Heh, I was speaking to a contractor some years back, their CEO had a fancy new car with an automatic parking feature ... chuffed to bits with his new car as he was, he wanted to show it off, so took it to a multi-story car park, got ready to show it off ...
And the car confused the shadow in front of the concrete wall for a space that was completely open and started reversing back at full speed. Fortunately, the CEO wasn't a complete idiot and managed to bring the car to a stop before writing it off...
if anything, this should be a massive condemnation of the current state of medical doctors.
About half the time they send you out to be tested by various devices, and listen to the technicians findings.
Have you ever played Akinator? That's basically what almost all doctors are. You come to them with an initial complaint, then they ask you questions that eliminate increasingly fewer diseases until there's only one possibility. With the proper data set, it would be trivial to program a web app that can replace 90% of doctor's visits.
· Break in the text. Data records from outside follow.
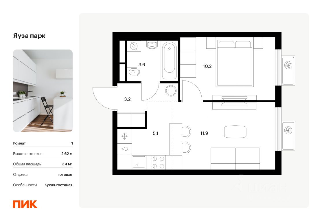 Продаётся 1-комн. квартира площадью 34 кв.м на 16 этаже 25 этажного дома (Корпус 11, Секция 1) проекта ПИК Яуза парк. Светлый просторный подъезд на уровне земли, функциональная планировка, большие окна, c отделкой.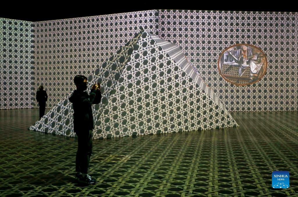 People attend a preview of the Imagine Picasso immersive exhibition in Vancouver, British Columbia, on Oct. 26, 2021. Unleashed from frames to inhabit the space in a continuous flow, more than 200 of Picasso's works are projected at the Imagine Picasso immersive exhibition, which will run in Vancouver from Oct. 27, 2021 until Jan. 8. 2022. (Photo by Liang Sen/Xinhua)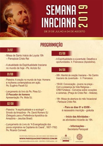 No dia 31 de julho, às 19h deu-se a abertura da Semana Inaciana 2O19 na Paróquia Cristo Rei (Fortaleza), onde servem os jesuítas. A Missa foi presidida pelo Pe. Acrizio SJ, Superior da Plataforma Ceará, com o tema: “A atualidade da Espiritualidade Inaciana”. A Semana Inaciana prossegue até o dia 04 de agosto, no bairro Aldeota. Após a Missa o pároco, Pe. Laércio SJ, convidou a todos para um lanche no espaço paroquial.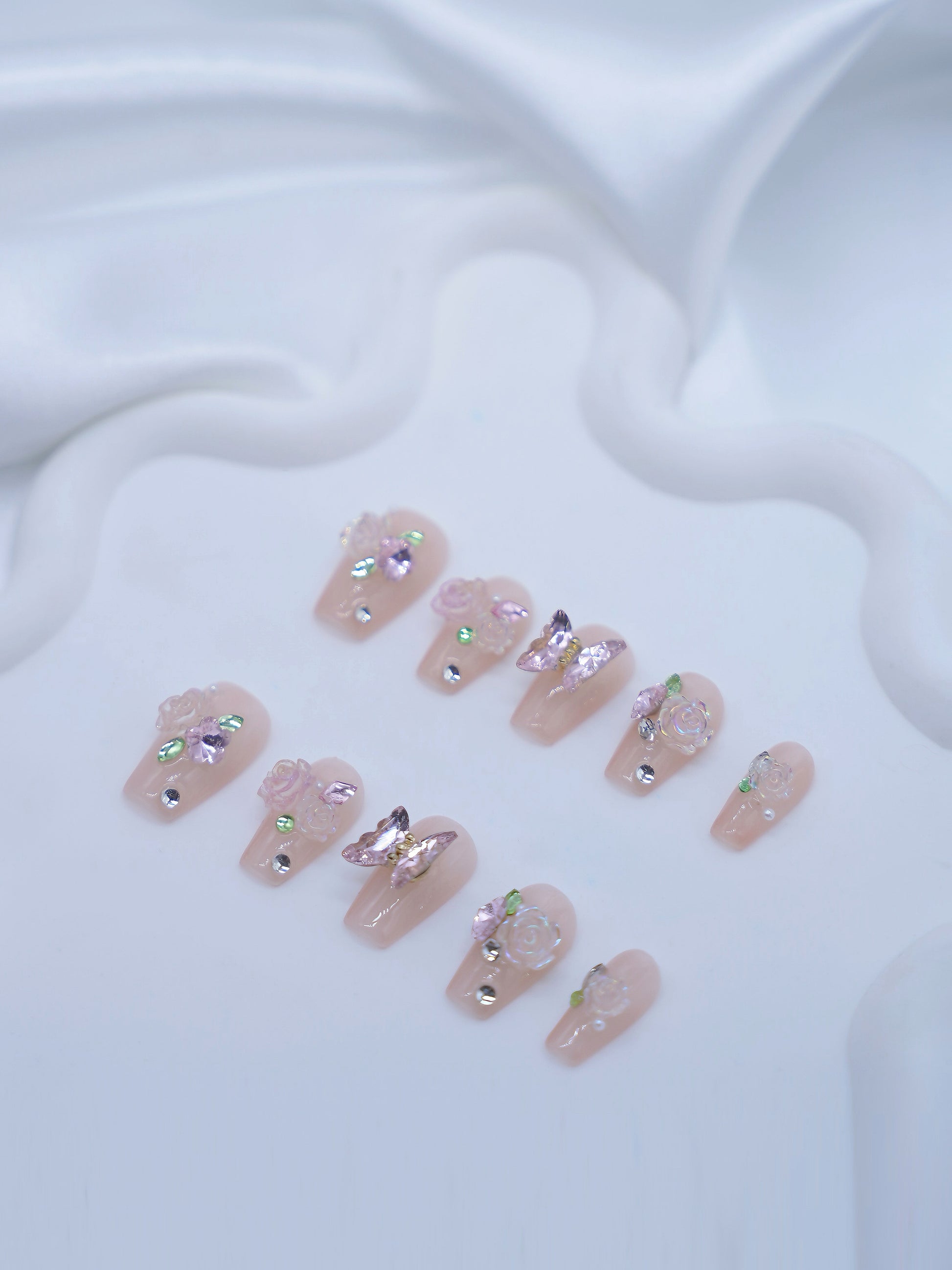 Short Coffin Pink Diamond & Purple Butterfly Press On Nails

People have been conditioned to see doctors as hyper-intelligent demigods who do the impossible, but in reality they're basically just walking flow charts. Every disease has a set way to diagnose and treat it, and they're just following the script. Even the lab results are already interpreted for them by a computer. They're not doing anything novel or creative at all.
There are things that an AI genuinely cannot do, such as physical exams and, of course, surgery, but for the most part there's no reason a sufficiently trained AI couldn't do what they do.
I'd bet that within 25 years, almost all GPs will have been replaced by an app that does what they do for free. That is, assuming TPTB don't torpedo it by paying some black people to call it racist. Or assuming the people making it don't lobotomize it to hide the fact that certain groups of people objectively live less healthy lives than others. Or assuming they don't train it on junk data from Berkeley which makes it diagnose everyone as having gender dysphoria. So actually there are a lot of reasons this might not happen. And all of them involve runaway leftism.
The current trend has been to replace frontline primary care MDs with undertrained, "cheaper" female nurse practitioners who are dangerous because they don't even know what they don't know.
Like everything, what will be lost with the introduction of AI will be nuance.
Essentially every current prescription for antibiotic drops for pink eye is completely useless and inappropriate because it's 90%+ viral in origin in children, but every child gets treated anyway because moms demand it, daycares and schools have protocols demanding it, doctors are lazy/pushovers/opportunists, it's not socially acceptable to "do nothing rather than something", etc.
An AI can be programmed to inappropriately dispense bad medicine to every child with a gunky eye as well, but it also changes and ignores all the social dynamics that play out because the "right" treatment isn't always what's written in the textbook.
Said app, will be owned by the insurance companies/government, and certain decision boxes will only be available based on your
socialcredit score. All trees will end at KYS."clinical reasoning" is actually very easy to automate. The trick is to ask the right questions from the patient.
What you should take from this study is that "common" medical questions are common enough that an AI can reliably copy a human doctor's answer. It's the uncommon medical questions where the AI might fall flat, as it's no longer capable of copying a human doctor's answer.
In my experience, the doctors aren't any better. Once you pass a certain rarity they get angry that it's not something common.